The result should be the listing below, restated exactly, with its pictures left out.

■ **Raw data**
%%
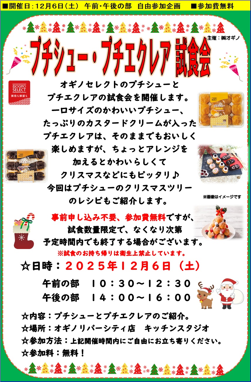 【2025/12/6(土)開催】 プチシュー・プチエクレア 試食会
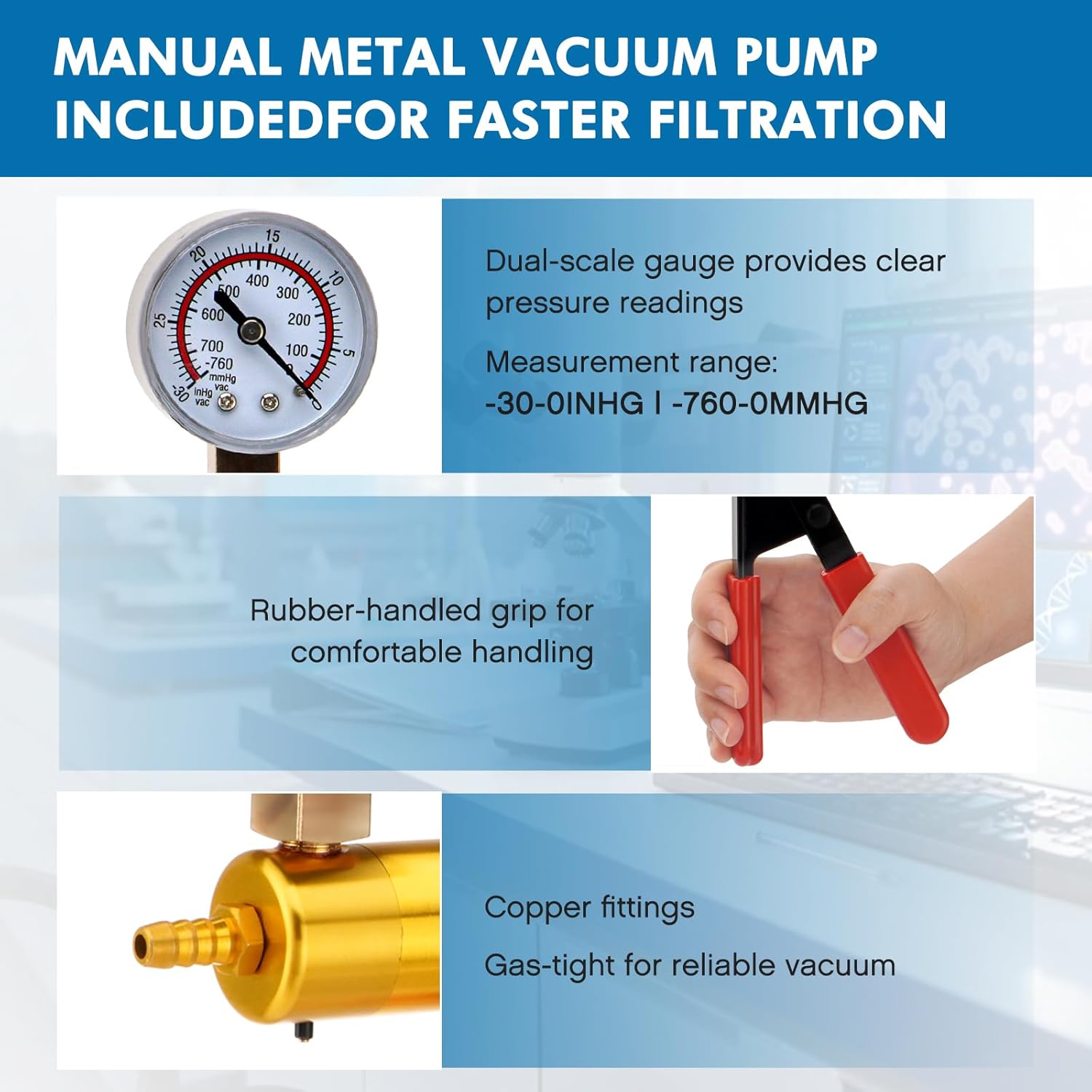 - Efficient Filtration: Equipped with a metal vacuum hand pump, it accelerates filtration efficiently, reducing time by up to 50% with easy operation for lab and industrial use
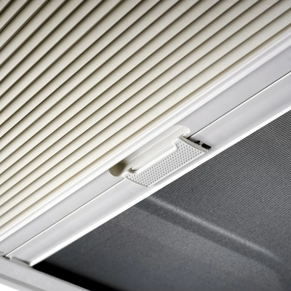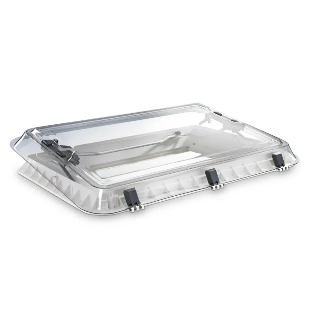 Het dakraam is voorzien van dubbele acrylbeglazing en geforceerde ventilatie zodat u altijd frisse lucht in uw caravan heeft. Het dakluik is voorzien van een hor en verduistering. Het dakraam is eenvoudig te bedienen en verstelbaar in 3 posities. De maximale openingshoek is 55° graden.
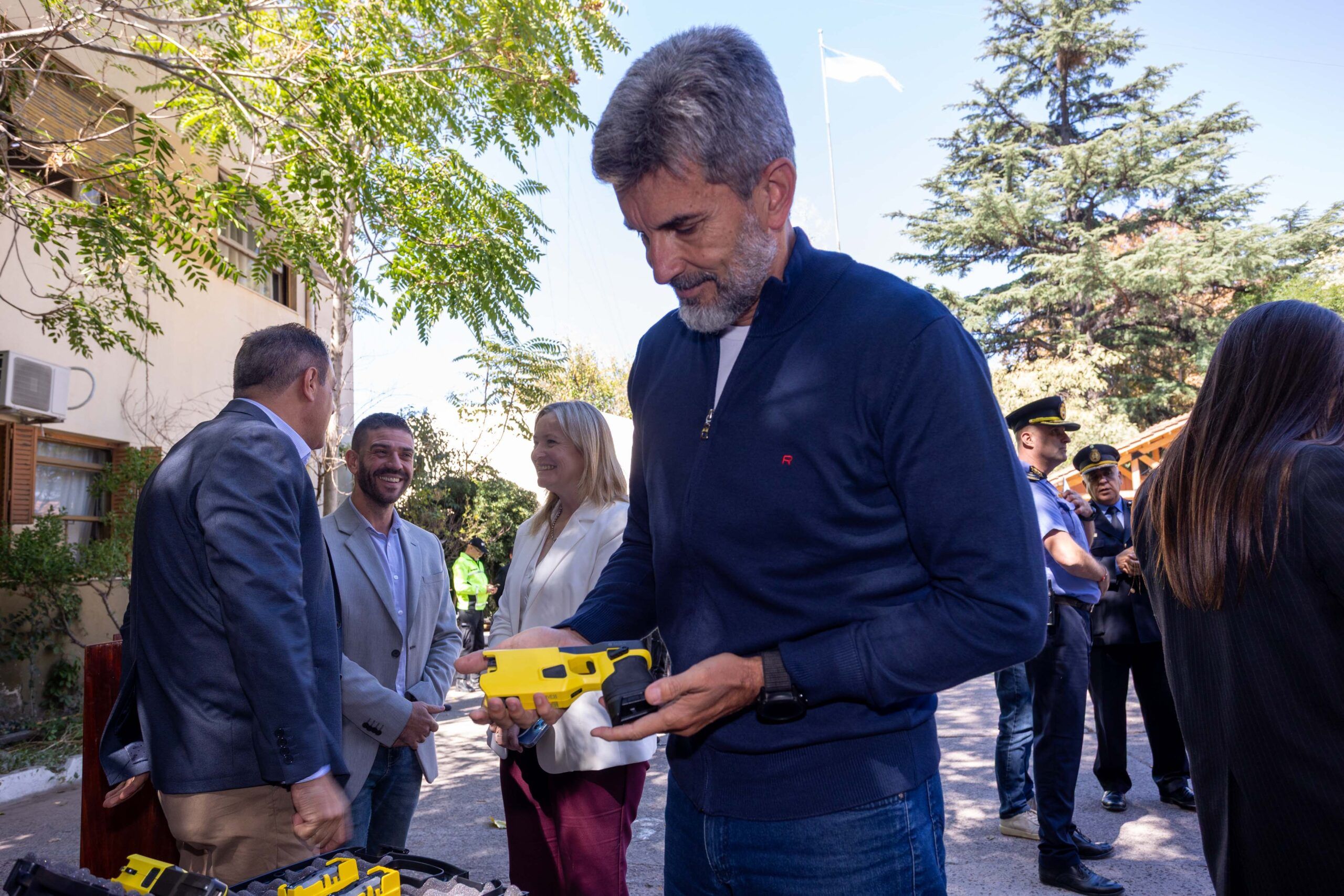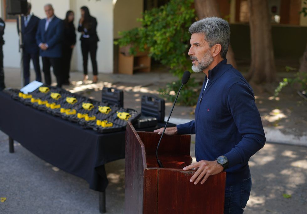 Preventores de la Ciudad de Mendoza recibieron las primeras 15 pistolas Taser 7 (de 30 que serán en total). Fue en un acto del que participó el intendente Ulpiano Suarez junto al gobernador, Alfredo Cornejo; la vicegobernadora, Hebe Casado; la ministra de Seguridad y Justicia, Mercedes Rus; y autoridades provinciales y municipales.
%%
■ **Written reply**
 【2025/12/6(土)開催】 プチシュー・プチエクレア 試食会
 - Efficient Filtration: Equipped with a metal vacuum hand pump, it accelerates filtration efficiently, reducing time by up to 50% with easy operation for lab and industrial use
 Het dakraam is voorzien van dubbele acrylbeglazing en geforceerde ventilatie zodat u altijd frisse lucht in uw caravan heeft. Het dakluik is voorzien van een hor en verduistering. Het dakraam is eenvoudig te bedienen en verstelbaar in 3 posities. De maximale openingshoek is 55° graden.
 Preventores de la Ciudad de Mendoza recibieron las primeras 15 pistolas Taser 7 (de 30 que serán en total). Fue en un acto del que participó el intendente Ulpiano Suarez junto al gobernador, Alfredo Cornejo; la vicegobernadora, Hebe Casado; la ministra de Seguridad y Justicia, Mercedes Rus; y autoridades provinciales y municipales.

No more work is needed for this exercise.